InsideDNA powers on-demand analysis and method-sharing service with Google Cloud Platform
InsideDNA founders Anna Kostikova and Andrey Khmelevskiy aimed to build a service that would make genome science more reproducible, provide reliable access to bioinformatics tools for biologists, and facilitate collaboration across labs and institutes. They built their service on Google Cloud Platform for the best performance and most cost-effective infrastructure.
Building a platform for better science
Computational biologist Anna Kostikova had a problem: her blog on phylogenetics and comparative methods was generating too many follow-up queries from biologists seeking to use her scripts and analysis pipelines but challenged by IT infrastructure. Andrey Khmelevskiy, a computer scientist and engineer, suggested building a platform that would provide on-demand access to fully functional scripts and data published on the blog.
That concept led to InsideDNA, an effort to create an online environment that would help scientists collaborate, analyze data and make their results more transparent. “The more we worked on our idea, the more we found out these are problems that every bioinformatician or biologist experiences,” Khmelevskiy says. Launched in 2015, the service began with its analysis offering: a portfolio of more than 1,000 open-source bioinformatics tools that users could access and instantly run via web form or command line.
The other two parts of InsideDNA are services for tool publishing and method sharing.
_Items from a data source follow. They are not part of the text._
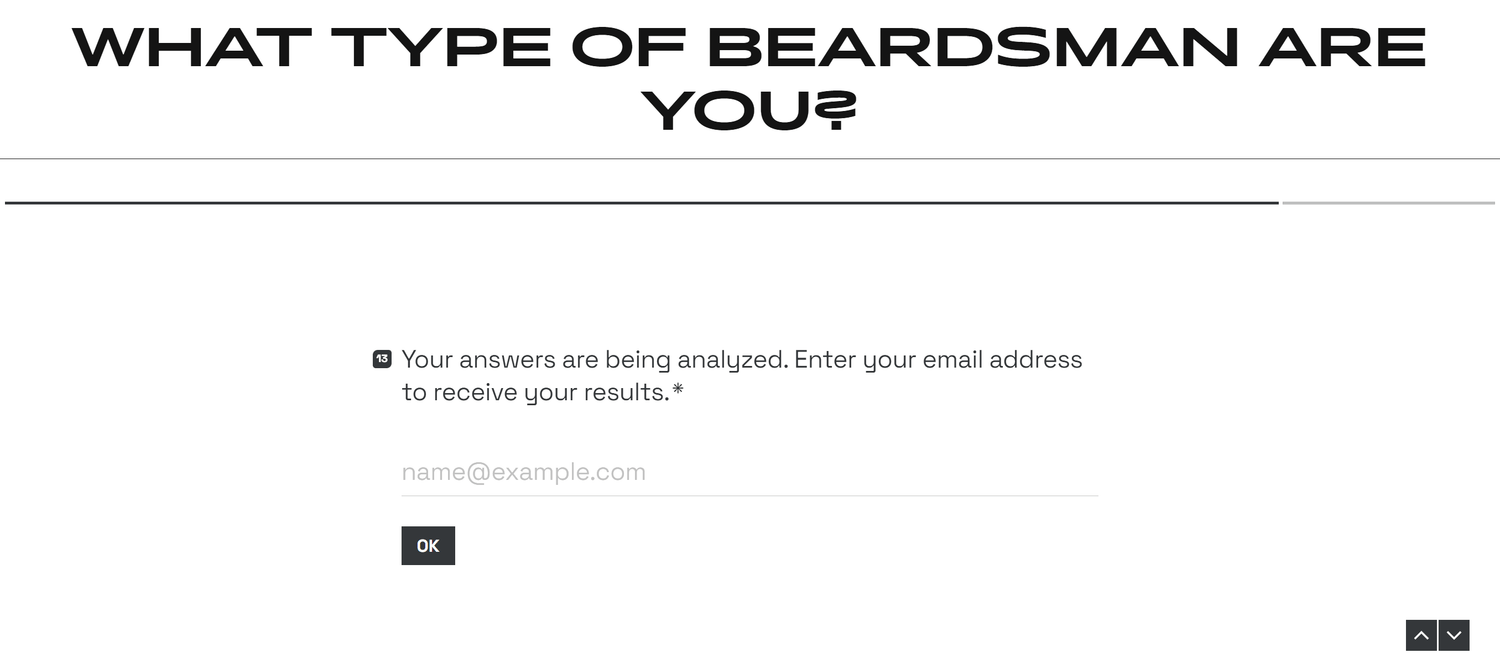Va passer le quiz “What Kind of Beardsman Are You?” sur le site Beardbrand. 7 questions, 6 profils (“The Stylish”, “The Adventurer”, “The Mature”…), un email demandé pour voir ton résultat. Ce quiz a capté 150 000 leads sur Beardbrand, en grande partie grâce au partage organique. Cas documenté pas à pas dans le case study Drip. Pas une pub Meta dédiée derrière.
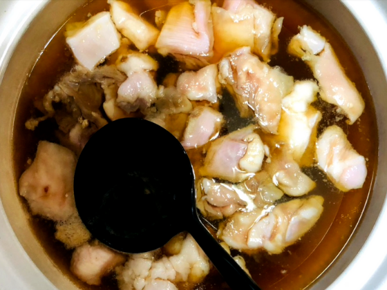 ② 火が通るとアクが出てくるので適当にすくいアクが出なくなったら火を止める。
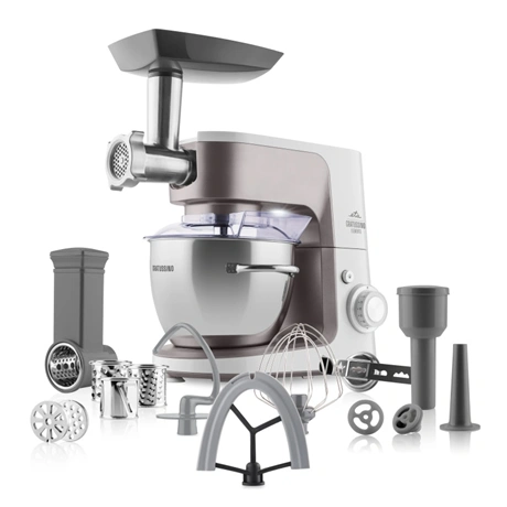 - 54 mm átmérőjű húsdaráló (3 méretű darálólap, kolbászfej, kibé fej, süteménykiszúró, tömörítő, garat)
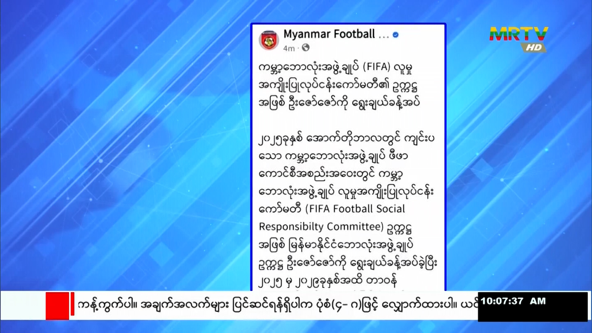 ကမ္ဘာ့ဘောလုံးအဖွဲ့ချုပ် (FIFA) လူမှုအကျိုးပြုလုပ်ငန်းကော်မတီ၏ ဥက္ကဋ္ဌအဖြစ် ဦးဇော်ဇော်ကို ရွေးချယ်ခန့်အပ် Thursday, October 09, 2025
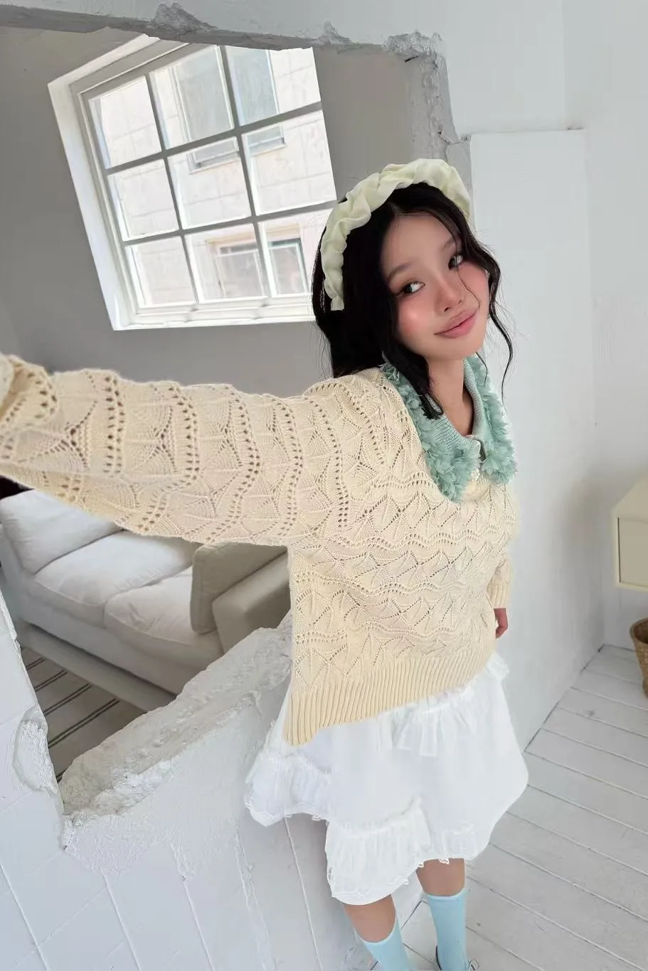 壓克力+聚酯 親膚舒適 薄款細緻簍空 無羊毛不刺癢 愛心布包釦 L號友善
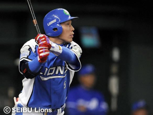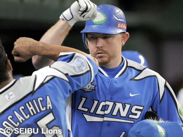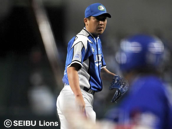 5番 G.G.佐藤 投ゴ アウトサイドのスライダーにバットの先で当てただけ。 ピッチャー・桑原謙が飛びついてキャッチし、そのまま1塁送球 |
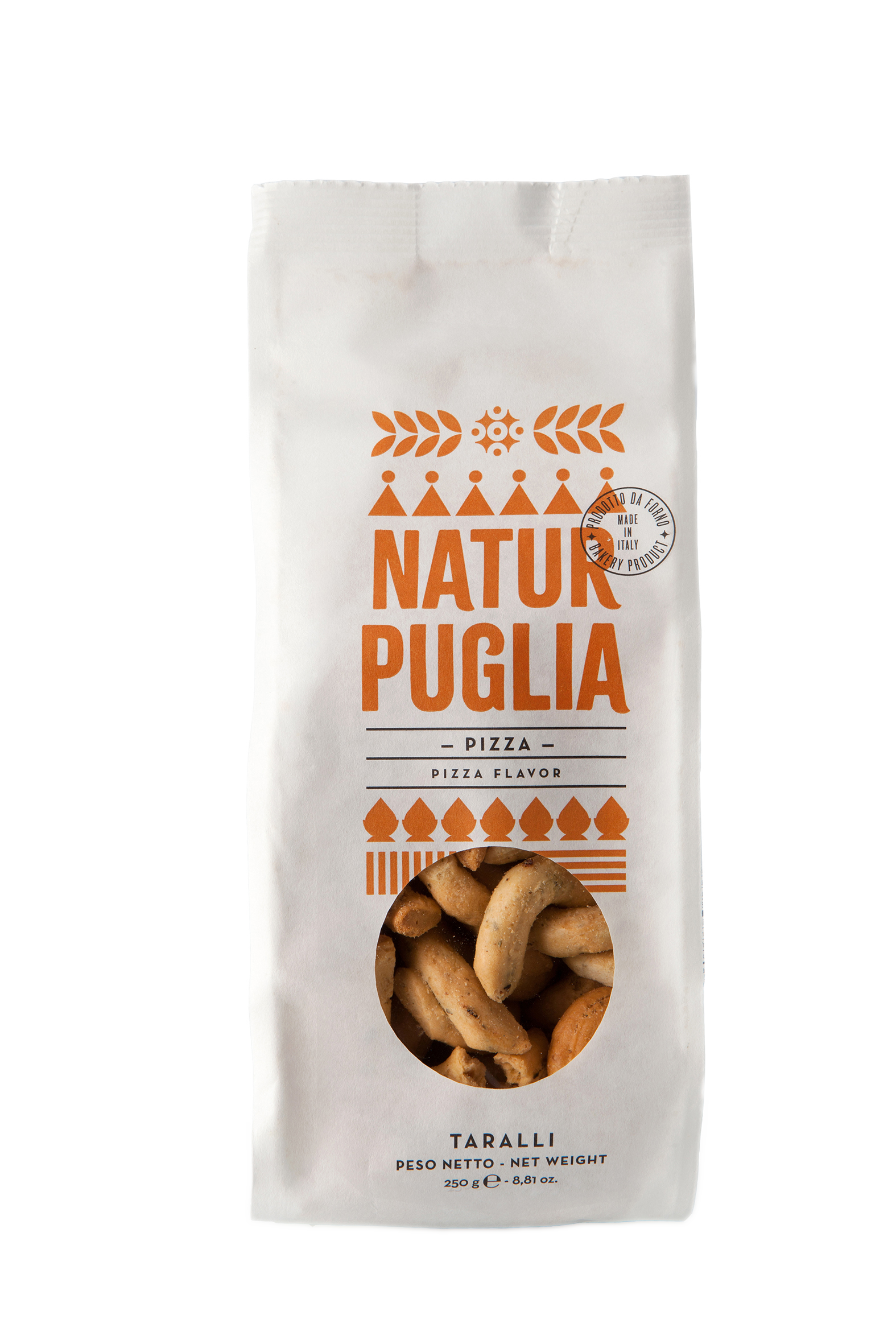 A Naturpuglia taralli pizzás a hagyományos olasz ízek szerelmeseinek tökéletes választása, autentikus recept alapján készül.
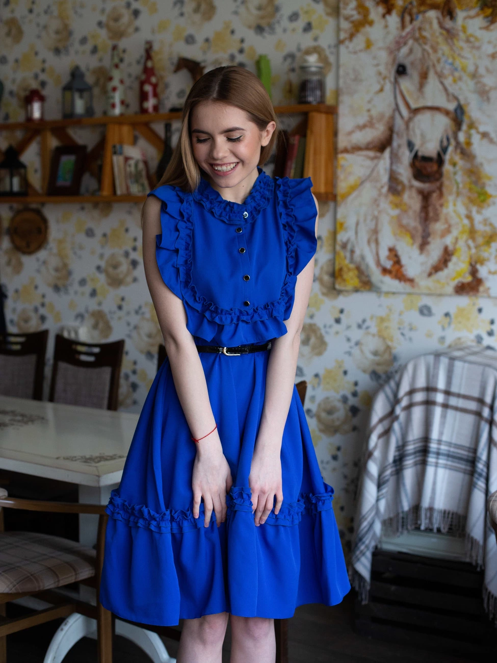 Платье Влада пошито из ткани костюмка высокого качества. Платье длиной миди, свободного покроя, украшением служат красивые рюши и пуговички на груди. Платье Влада идет в комплекте с черным пояском с золотистой пряжкой. Такое платье отлично подойдет для любого типа фигуры, в нем Вы будете выглядеть потрясающе. Красиво смотрится с туфлями – лодочками.
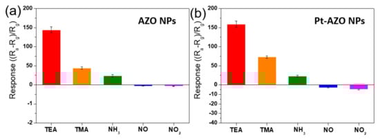 Bar graph of the sensing responses of the (a) AZO and (b) Pt-AZO NPs to 10 ppm of the N-containing compound gases at 400 °C.

The tool publishing service allows bioinformaticians to quickly share new algorithms (tools, scripts and software), and it’s what the founders used to publish hundreds of tools already included on the site.
The sharing service enables users to publish an analysis as an executable bundle under a permanent web URL. The bundle contains a tool, tool settings and datasets. When accessed via URL, it lets a user instantly re-run an entire analysis. The sharing service aims to help scientists ensure that anyone can access and repeat published analysis consistently, regardless of the operating system, tool version, or infrastructure access. Kostikova says this will help to address the ongoing challenge of reproducible research and allow scientists to step through an analysis exactly as it was run at the time of publication. “It’s so painful for researchers to try to repeat what has been done, with data scattered everywhere, poorly documented method sections in a research article, and limited computational power,” she says.
As the vision for InsideDNA grew, so did the resources it needed to thrive. Kostikova and Khmelevskiy realized the only way to achieve their goal was to build the service on a cloud computing foundation for ultimate scalability.
‘The heart of our service’
The duo pitched their idea to Google and were given the opportunity to test the InsideDNA prototype on its cloud environment. The Google team also gave them technical support along the way. When Kostikova and Khmelevskiy evaluated other options, such as Microsoft’s Azure or Amazon Web Services, GCP had the best performance and lowest cost.
“We wouldn’t be able to do this without cloud computing,” Khmelevskiy adds. “The way we manage this content, the cloud is the heart of our service.”
What they’ve done has been very well received by the community, even in the first few months of operation. At its six-month mark, more than 1,000 people used its analysis offering, some of whom had already published or submitted scientific publications with the permanent URL. For example, together with the research group of Nadir Alvarez at the University of Lausanne, InsideDNA has published a novel reduced-representation genome sequencing method in PLoS One with an article featuring its permanent URLs. In addition, 5,000 users subscribe to the company’s bioinformatics tutorial service. And among the tools included in the InsideDNA repository are several built on the Google Genomics API.
The founders say that scientists switch to InsideDNA because of GCP’s simplicity. “We have a number of users who switched from powerful clusters in their university to our service just because it’s quicker and more scalable,” Khmelevskiy says. For others who never had access to heavy-duty local compute resources before, InsideDNA and its link to GCP provide an affordable route to speedy, high-powered computational infrastructure that can be run whenever needed.
Converting skeptics with cloud scalability
The real proof of InsideDNA’s success is in winning converts from former skeptics, says Khmelevskiy, who notes that telling people the service is built on GCP has been important in convincing them that the concept is practical. “A number of people said this wasn’t even possible,” he adds. “Now those people are asking for extra credits to use our service.”
Cost is a major consideration among scientists, especially for those starting new labs. With the affordability of cloud computing, Kostikova says, researchers realize that they can get a lot more computing time and processing power for less money and hassle than it would take to buy and maintain their own server or cluster.
Beyond the benefits they initially envisioned, InsideDNA has been a boon to team leaders who can use it to organize and track research projects. They can easily add new collaborators to any project as well as monitor analyses, member activities and cloud usage. Within projects, the platform lets members share data, tools and analysis pipelines, reducing data duplication and promoting collaboration in geographically distributed teams.